American - Comedian | June 8, 1933 - September 4, 2014
My obstetrician was so dumb that when I gave birth he forgot to cut the cord. For a year that kid followed me everywhere. It was like having a dog on a leash.
Joan Rivers
DogMeYearDumbBirthKid
I don't excercise. If God had wanted me to bend over, he would have put diamonds on the floor.
GodMeDiamondsBendOverFloor
I hate reality shows that are not reality.
HateRealityReality ShowsShows
I lived to be on stage, and I'm terrified. Terrified before every show.
StageLivedShowBeforeEvery
I am for anyone that will give me lower taxes, stop all this stupid spending.

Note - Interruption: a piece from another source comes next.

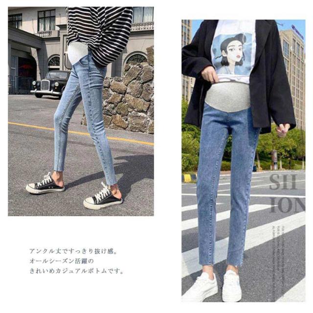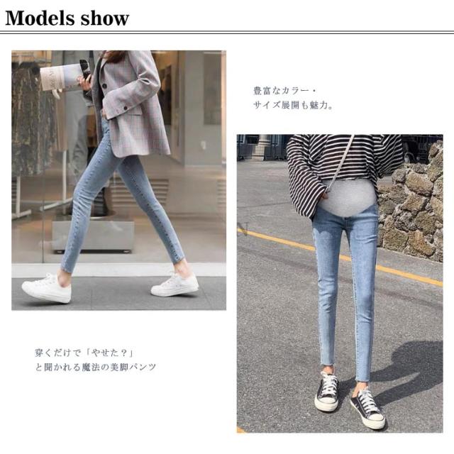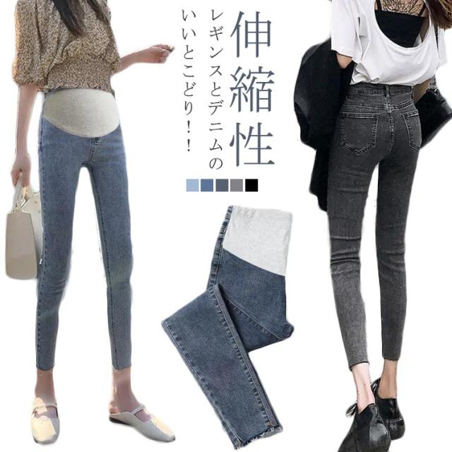 レギンスパンツ マタニティ パンツ デニムスキニー デニムパンツ スリム レギパン ストレッチ 伸縮性 アジャスター 大きいサイズ マタニティパンツ 動きやすい マタニティウェア ズボン 産前 産後 脚長 美脚 秋冬 妊婦服 黒 グレー ブルー

Whoever promises me that gets this chicken's vote.
I AmMeStupidPromisesStopVote
I live very well, but I support a lot of relatives.
LiveSupportRelativesWellVery
Fat jokes aren't relevant, but they're hilarious when you find them.

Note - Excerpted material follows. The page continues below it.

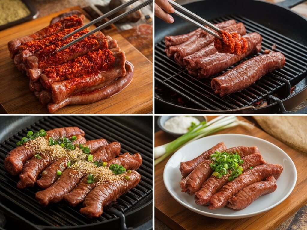Place the marinated beef intestines on the grill or in the skillet. Grill for 5-7 minutes per side, turning occasionally until the intestines are crispy on the outside and cooked through on the inside. Be careful not to overcook them, as they can become tough.

FatYouFindJokesRelevantThem
It's been so long since I've had sex I've forgotten who ties up whom.
LongSexUpForgottenBeenWhom
I've never thought of it consciously... I say exactly what I think, and very often it's totally politically incorrect. I get, always, chastised for it. So it's not shtick. But I think I'm the one who says, 'The emperor has no clothes.'
ThinkThoughtClothesSayNeverGet
Before we make love my husband takes a pain killer.
LovePainHusbandMakeBeforeTakes
Boy George is all England needs - another queen who can't dress.
QueenDressBoyWhoEnglandNeeds
She doesn't understand the concept of Roman numerals. She thought we just fought in world war eleven.